== Problem to solve ==
Return the records as they stand. No picture is to be included.

== Stored data ==
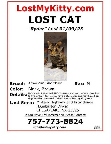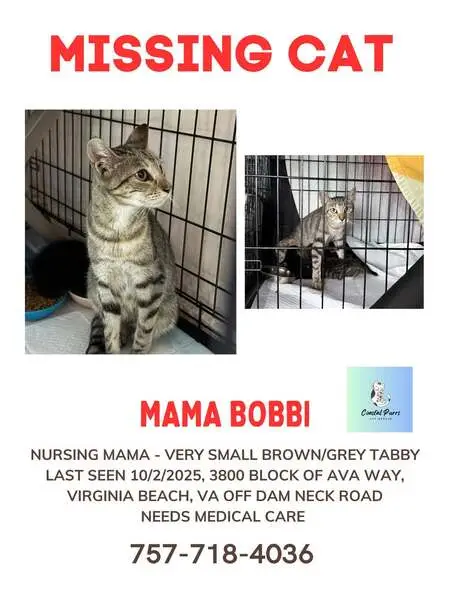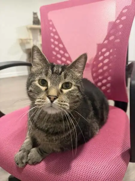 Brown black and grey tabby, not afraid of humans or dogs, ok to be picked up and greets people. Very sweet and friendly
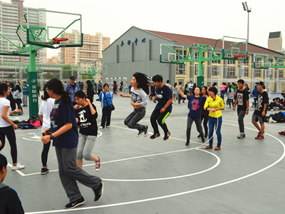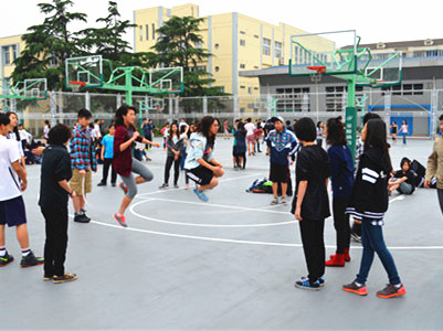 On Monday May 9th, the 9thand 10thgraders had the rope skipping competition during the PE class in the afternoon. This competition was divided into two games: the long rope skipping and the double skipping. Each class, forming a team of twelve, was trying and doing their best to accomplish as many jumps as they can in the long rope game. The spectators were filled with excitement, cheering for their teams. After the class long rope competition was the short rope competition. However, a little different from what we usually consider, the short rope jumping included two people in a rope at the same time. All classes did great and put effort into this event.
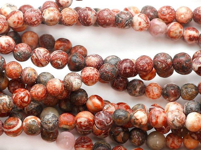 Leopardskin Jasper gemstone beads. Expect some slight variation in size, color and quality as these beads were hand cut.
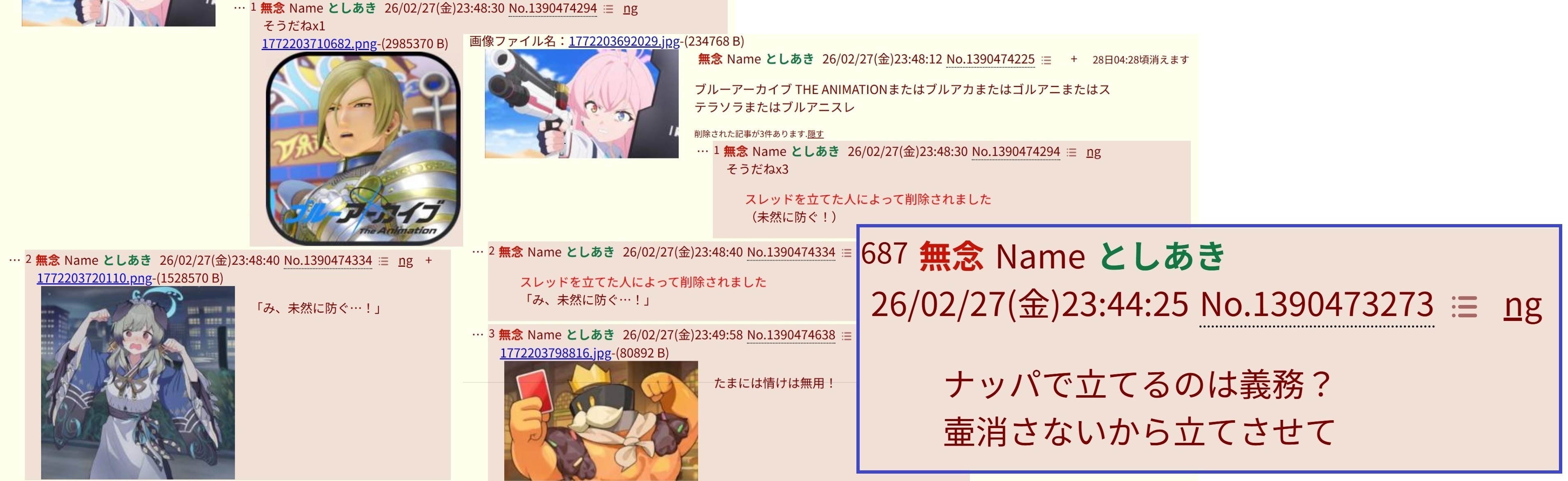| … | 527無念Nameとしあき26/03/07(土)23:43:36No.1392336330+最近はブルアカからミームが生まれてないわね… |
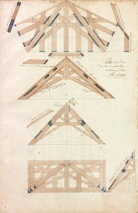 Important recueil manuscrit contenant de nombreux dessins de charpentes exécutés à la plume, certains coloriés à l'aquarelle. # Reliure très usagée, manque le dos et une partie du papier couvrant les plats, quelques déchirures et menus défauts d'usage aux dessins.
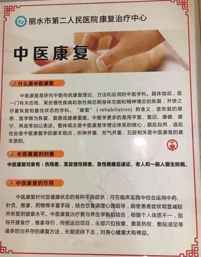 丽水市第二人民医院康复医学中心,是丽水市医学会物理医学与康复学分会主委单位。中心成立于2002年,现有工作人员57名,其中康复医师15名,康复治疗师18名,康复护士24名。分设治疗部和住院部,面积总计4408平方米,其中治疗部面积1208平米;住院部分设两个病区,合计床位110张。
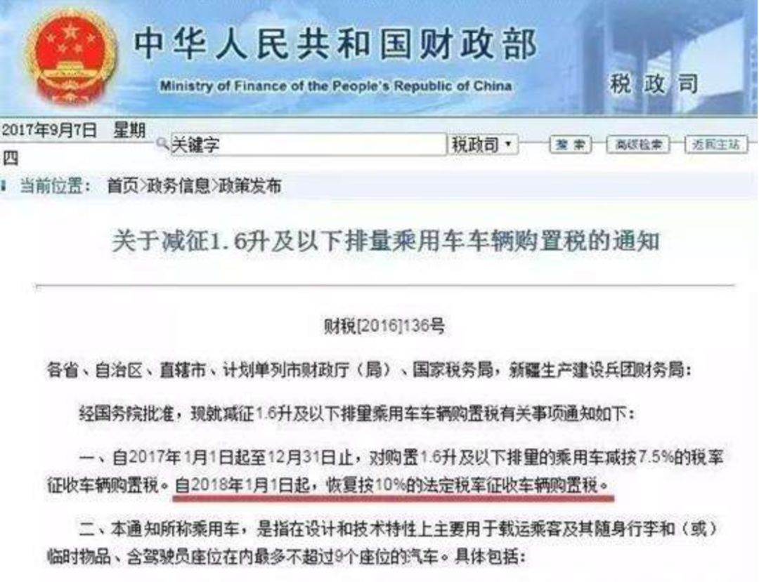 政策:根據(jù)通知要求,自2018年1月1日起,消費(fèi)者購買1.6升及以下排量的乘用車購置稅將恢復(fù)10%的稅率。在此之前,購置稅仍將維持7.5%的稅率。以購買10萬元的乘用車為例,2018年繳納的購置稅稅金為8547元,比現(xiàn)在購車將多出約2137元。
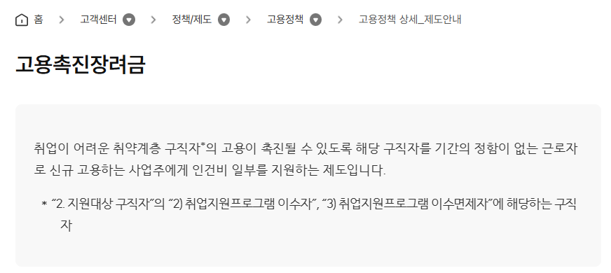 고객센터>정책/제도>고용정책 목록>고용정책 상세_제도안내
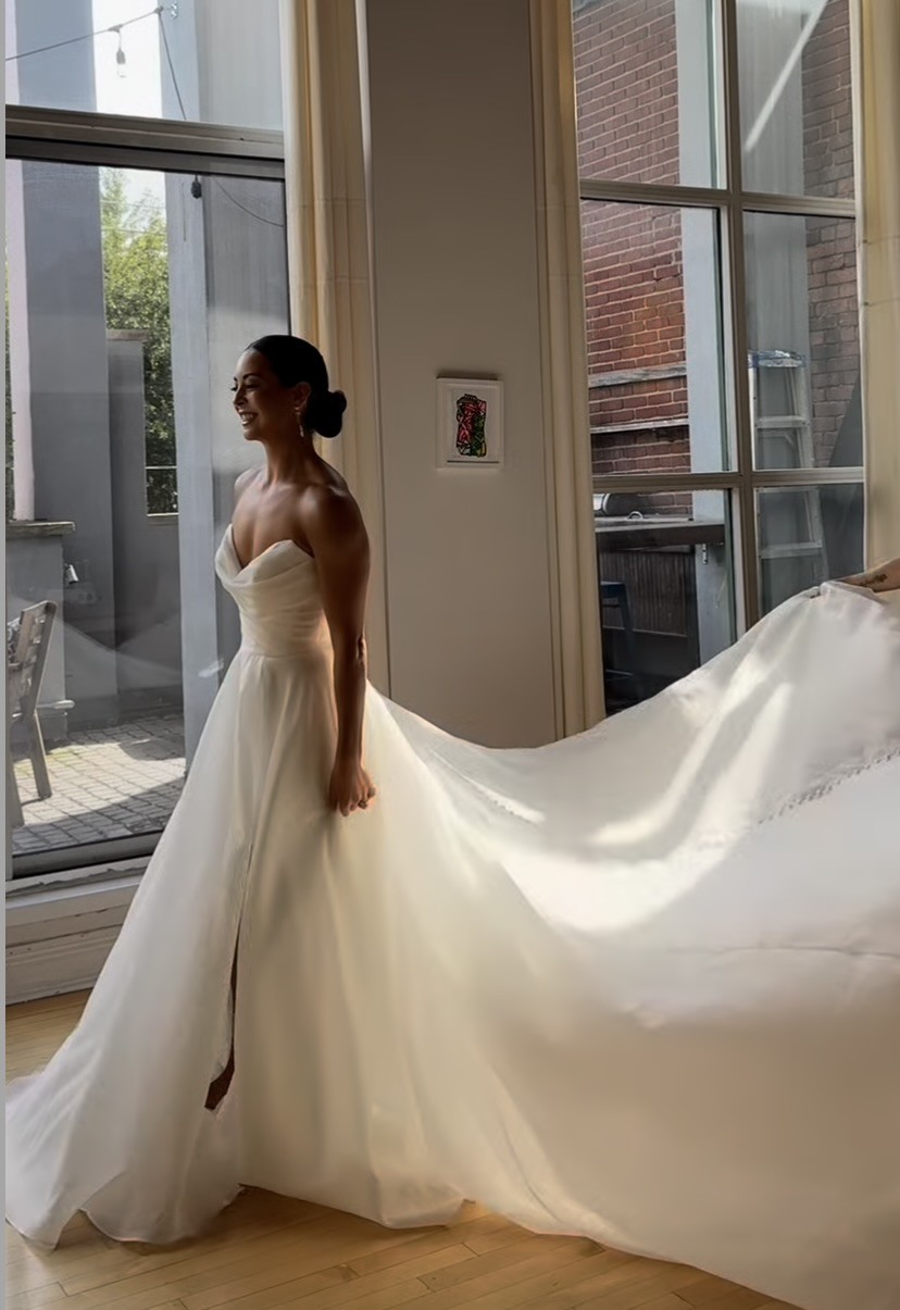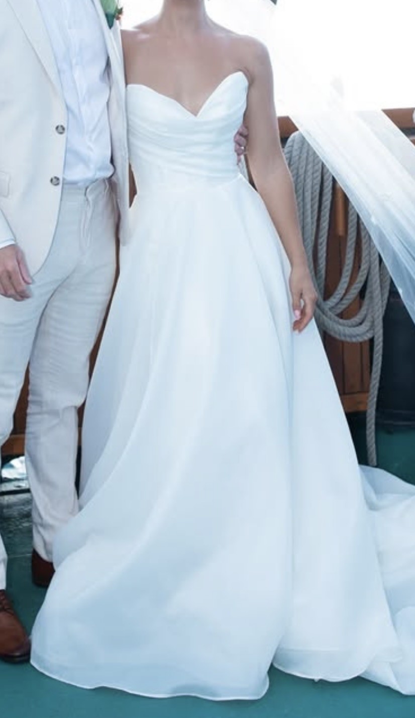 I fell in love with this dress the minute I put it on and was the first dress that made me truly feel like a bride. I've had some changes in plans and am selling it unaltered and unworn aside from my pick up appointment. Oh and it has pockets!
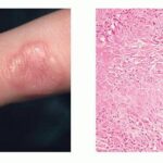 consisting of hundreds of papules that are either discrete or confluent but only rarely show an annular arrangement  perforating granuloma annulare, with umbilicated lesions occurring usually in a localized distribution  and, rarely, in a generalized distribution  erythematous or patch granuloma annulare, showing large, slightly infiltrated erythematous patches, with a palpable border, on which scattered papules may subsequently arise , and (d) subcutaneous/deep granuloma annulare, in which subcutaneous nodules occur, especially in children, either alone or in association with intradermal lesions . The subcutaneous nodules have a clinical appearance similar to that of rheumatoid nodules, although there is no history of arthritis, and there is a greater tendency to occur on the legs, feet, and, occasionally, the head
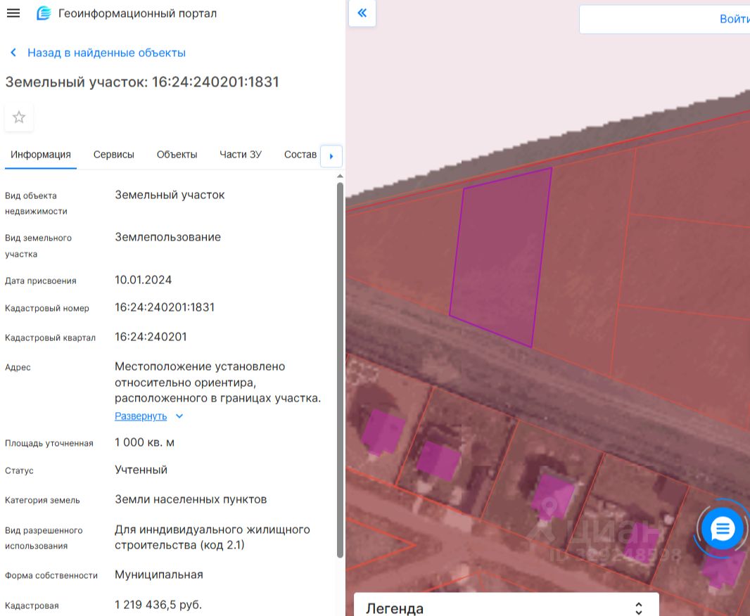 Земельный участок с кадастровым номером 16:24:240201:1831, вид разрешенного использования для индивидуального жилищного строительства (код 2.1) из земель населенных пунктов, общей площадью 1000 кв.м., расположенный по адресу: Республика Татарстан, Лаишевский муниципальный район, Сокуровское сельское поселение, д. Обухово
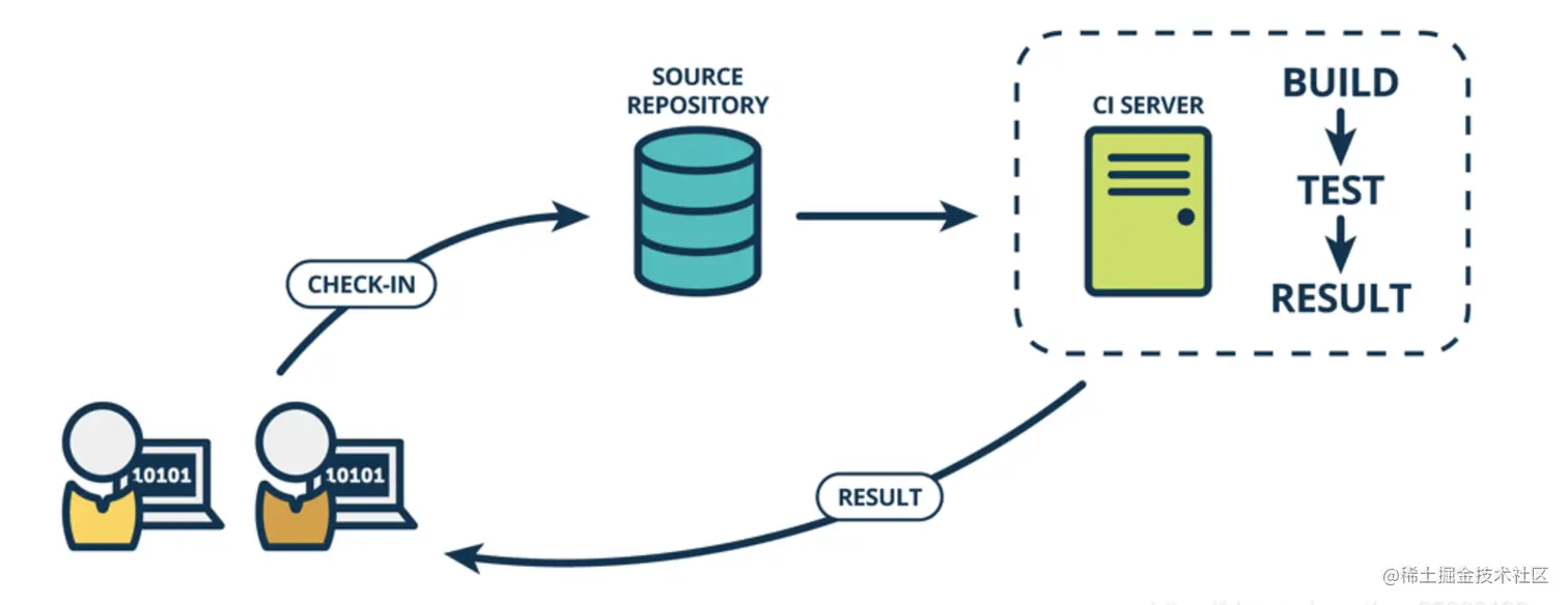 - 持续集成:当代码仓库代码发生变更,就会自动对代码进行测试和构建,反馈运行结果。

== Your response ==
 Brown black and grey tabby, not afraid of humans or dogs, ok to be picked up and greets people. Very sweet and friendly
 On Monday May 9th, the 9thand 10thgraders had the rope skipping competition during the PE class in the afternoon. This competition was divided into two games: the long rope skipping and the double skipping. Each class, forming a team of twelve, was trying and doing their best to accomplish as many jumps as they can in the long rope game. The spectators were filled with excitement, cheering for their teams. After the class long rope competition was the short rope competition. However, a little different from what we usually consider, the short rope jumping included two people in a rope at the same time. All classes did great and put effort into this event.
 Leopardskin Jasper gemstone beads. Expect some slight variation in size, color and quality as these beads were hand cut.
| … | 527無念Nameとしあき26/03/07(土)23:43:36No.1392336330+最近はブルアカからミームが生まれてないわね… |
 Important recueil manuscrit contenant de nombreux dessins de charpentes exécutés à la plume, certains coloriés à l'aquarelle. # Reliure très usagée, manque le dos et une partie du papier couvrant les plats, quelques déchirures et menus défauts d'usage aux dessins.
 丽水市第二人民医院康复医学中心,是丽水市医学会物理医学与康复学分会主委单位。中心成立于2002年,现有工作人员57名,其中康复医师15名,康复治疗师18名,康复护士24名。分设治疗部和住院部,面积总计4408平方米,其中治疗部面积1208平米;住院部分设两个病区,合计床位110张。
 政策:根據(jù)通知要求,自2018年1月1日起,消費(fèi)者購買1.6升及以下排量的乘用車購置稅將恢復(fù)10%的稅率。在此之前,購置稅仍將維持7.5%的稅率。以購買10萬元的乘用車為例,2018年繳納的購置稅稅金為8547元,比現(xiàn)在購車將多出約2137元。
 고객센터>정책/제도>고용정책 목록>고용정책 상세_제도안내
 I fell in love with this dress the minute I put it on and was the first dress that made me truly feel like a bride. I've had some changes in plans and am selling it unaltered and unworn aside from my pick up appointment. Oh and it has pockets!
 consisting of hundreds of papules that are either discrete or confluent but only rarely show an annular arrangement  perforating granuloma annulare, with umbilicated lesions occurring usually in a localized distribution  and, rarely, in a generalized distribution  erythematous or patch granuloma annulare, showing large, slightly infiltrated erythematous patches, with a palpable border, on which scattered papules may subsequently arise , and (d) subcutaneous/deep granuloma annulare, in which subcutaneous nodules occur, especially in children, either alone or in association with intradermal lesions . The subcutaneous nodules have a clinical appearance similar to that of rheumatoid nodules, although there is no history of arthritis, and there is a greater tendency to occur on the legs, feet, and, occasionally, the head
 Земельный участок с кадастровым номером 16:24:240201:1831, вид разрешенного использования для индивидуального жилищного строительства (код 2.1) из земель населенных пунктов, общей площадью 1000 кв.м., расположенный по адресу: Республика Татарстан, Лаишевский муниципальный район, Сокуровское сельское поселение, д. Обухово
 - 持续集成:当代码仓库代码发生变更,就会自动对代码进行测试和构建,反馈运行结果。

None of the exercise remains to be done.